As I age, I seem to receive more views on my LinkedIn page than ever before! One can only assume that these do not represent intentions of offering employment to a potentially self-isolating seventy-four year old, but rather that my postings perhaps provide some personal amusement, enjoyment and intrigue to those reading. Perhaps they can see something in my recent postings that reminds them of themselves.

With this in mind, it is thrilling to revisit the work of Canadian educationalist Henry Giroux (b.1943), especially Border Crossings (1992), which addresses the blurring of boundaries between disciplines and discourses, raising questions and problems about crossing boundaries and encouraging “understanding how fragile identity is as it moves into borderlands crisscrossed within a variety of languages, experiences and voices.”
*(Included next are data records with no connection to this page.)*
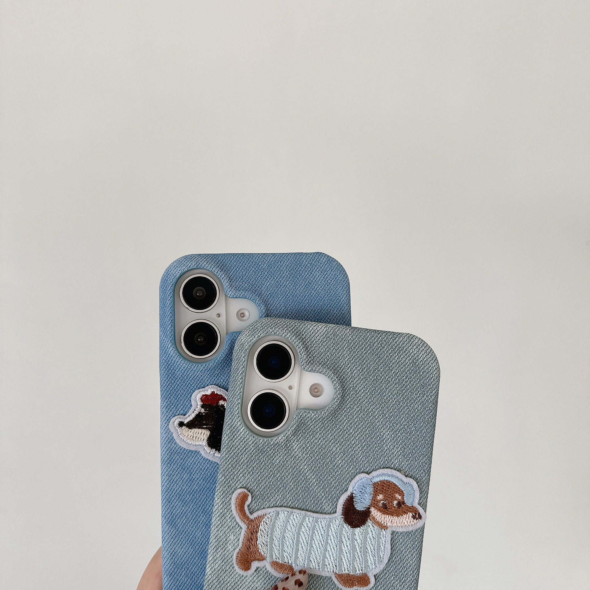 iPhone15 강아지 자수는 Apple 16 휴대폰 케이스, 삼성 S25U 우븐 팔찌 S24 데님 17p에 적합합니다.스토어 가기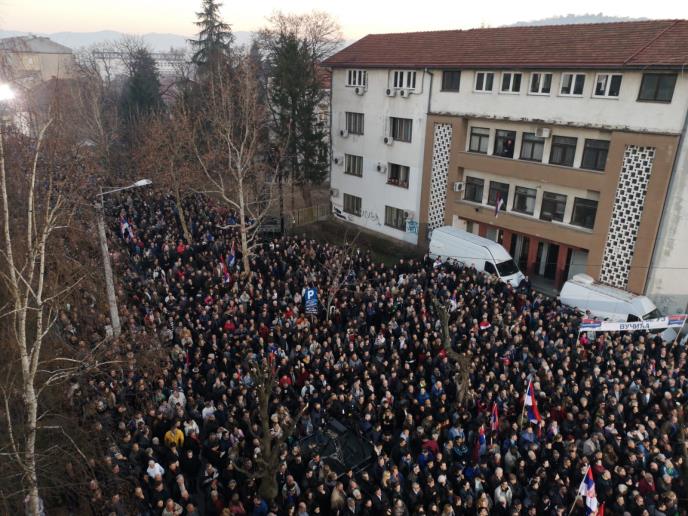 "Čini mi se da je potpuno jasno i kada pogledate i večeras Leskovac, danas i Bojnik, Lebane, Medveđu, Vlasotince, svaki drugi dan, da je ustala Srbija, pristojan Srbija, da sačuva takvu Srbiju i od onih spolja i od onih unutra koji bi da je sruše", rekao je on.
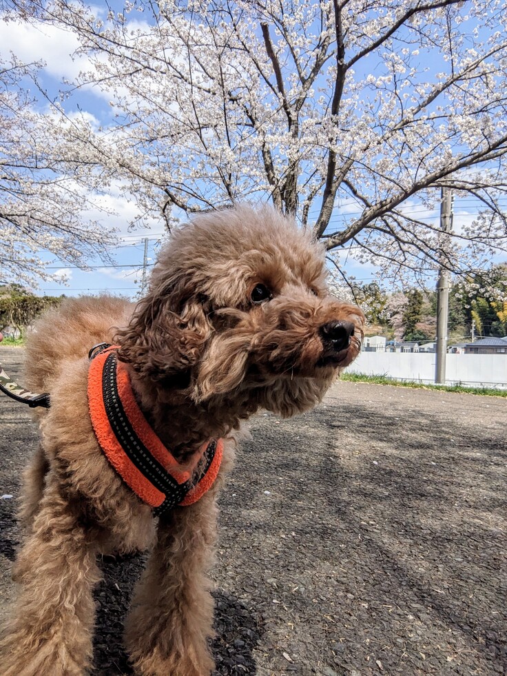 わんこ達はしっぽを高々とあげて、桜に彩られたお散歩コースを嬉しそうに歩いています。

My philosophical journey regarding ageing was inspired by my attempting to get to grips with the fears and confusion of being an older person at the time of a pandemic. My doubts and concerns as to how life changes over the years were reinforced by my updating my LinkedIn profile and rewatching the Bergman film. However, beginning my philosophical journey with Descartes and his quest for certainty, and revisiting the works of some of the most influential continental and international thinkers, I now have a greater understanding of the ageing process and how philosophy can aid comprehension and coherence. With age, my competitive edge has diminished, as have professional jealousies of those who seem to have done better or progressed further than me. A certain haphazardness seems to go together with age, and should be accepted.

One can totally take pride in being a philosophy junky, stimulated by publications such as Philosophy Now, by thinkers such as the late Bryan Magee or Roger Scruton and even by ideas reflected in quality popular culture such as the Star Wars films! Philosophy interests people for a number of important reasons, and certainly one of these reasons can be a better understanding of an approach to ageing.

© Dr Robin Wynyard 2021

Robin Wynyard is long retired from academic life after thirty years of training teachers and teaching sociology in various universities.